Let’s examine the structure of our peak-to-gene network:

df_p2g
peak gene mean_attr std_attr z_score p_value
0 chr1-966191-966691 PLEKHN1 7.649530e-03 0.006065 2.423978 0.015352
1 chr1-966760-967260 PLEKHN1 6.669266e-03 0.005933 2.053130 0.040060
2 chr1-965473-965973 PLEKHN1 3.220085e-04 0.000438 -0.348127 0.727745
3 chr1-964791-965291 PLEKHN1 8.068260e-07 0.000117 -0.469642 0.638610
4 chr1-967816-968316 PLEKHN1 3.206868e-04 0.000391 -0.348627 0.727369
... ... ... ... ... ... ...
128319 chrX-154308282-154308782 GAB3 1.091376e-03 0.001618 -0.218409 0.827110
128320 chrX-155215382-155215882 GAB3 -2.899780e-05 0.000866 -0.358034 0.720318
128321 chrX-155216128-155216628 GAB3 2.668623e-03 0.005609 -0.021848 0.982569
128322 chrX-155216639-155217139 GAB3 -5.110913e-04 0.004339 -0.418114 0.675864
128323 chrX-155218743-155219243 GAB3 2.417117e-05 0.000726 -0.351408 0.725283

128324 rows × 6 columns

Save Final Results#

Save the comprehensive peak-to-gene network for downstream analysis and visualization.

df_p2g.to_csv(f'{out_dir}/peak_to_gene.csv')
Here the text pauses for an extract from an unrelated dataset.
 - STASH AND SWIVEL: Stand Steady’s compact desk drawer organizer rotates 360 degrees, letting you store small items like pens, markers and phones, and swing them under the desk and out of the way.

Understanding the Results#

The peak-to-gene analysis produces several key outputs:

Peak Attribution Scores (.npy files):#

  • Raw attribution values for each peak-gene pair

  • Positive values: Peaks that increase gene expression predictions

  • Negative values: Peaks that decrease gene expression predictions

  • Magnitude: Indicates the strength of the regulatory relationship

Comprehensive Network (peak_to_gene.csv):#

  • Genome-wide regulatory map combining all gene-specific results

  • Filterable by significance to focus on high-confidence links

  • Ready for network analysis and visualization tools

  • Compatible with pathway analysis and functional enrichment

Next Steps#

With these results, you can:

  1. Visualize regulatory networks using network analysis tools

  2. Identify key regulatory hubs and super-enhancer regions

  3. Compare with experimental data (ChIP-seq, Hi-C, etc.)
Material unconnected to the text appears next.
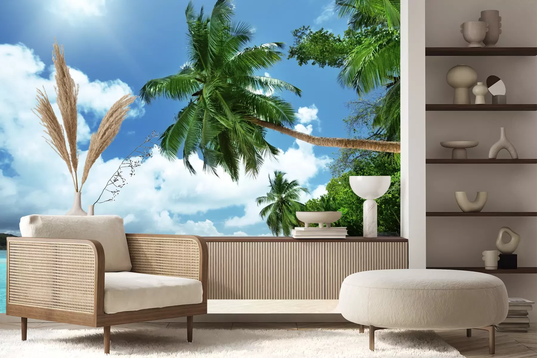 Het materiaal Premium+ is een gestructureerd vinyl op vlies met een gewicht van 255 g/m², dat kleine oneffenheden in de muur effectief camoufleert. De subtiele structuur van fijn zand geeft het oppervlak een exclusieve uitstraling, terwijl de halfmatte afwerking de diepte van de kleuren benadrukt. Het materiaal is dampdoorlatend, waardoor het ook in de keuken en badkamer kan worden gebruikt. De maximale breedte van één baan bedraagt 100 cm – bij grotere afmetingen wordt het fotobehang in meerdere gelijke banen verdeeld. De lijm wordt direct op de muur aangebracht en het behang wordt rand-aan-rand geplakt, wat zorgt voor een esthetisch resultaat zonder zichtbare naden. Het oppervlak kan gemakkelijk worden schoongemaakt door het voorzichtig af te nemen met een vochtige doek.

  4. Perform functional enrichment of target genes

  5. Investigate cell-type-specific regulation across conditions

  6. Build predictive models of gene expression from chromatin state

The interpretable peak-to-gene links provide a foundation for understanding regulatory mechanisms and designing targeted perturbation experiments.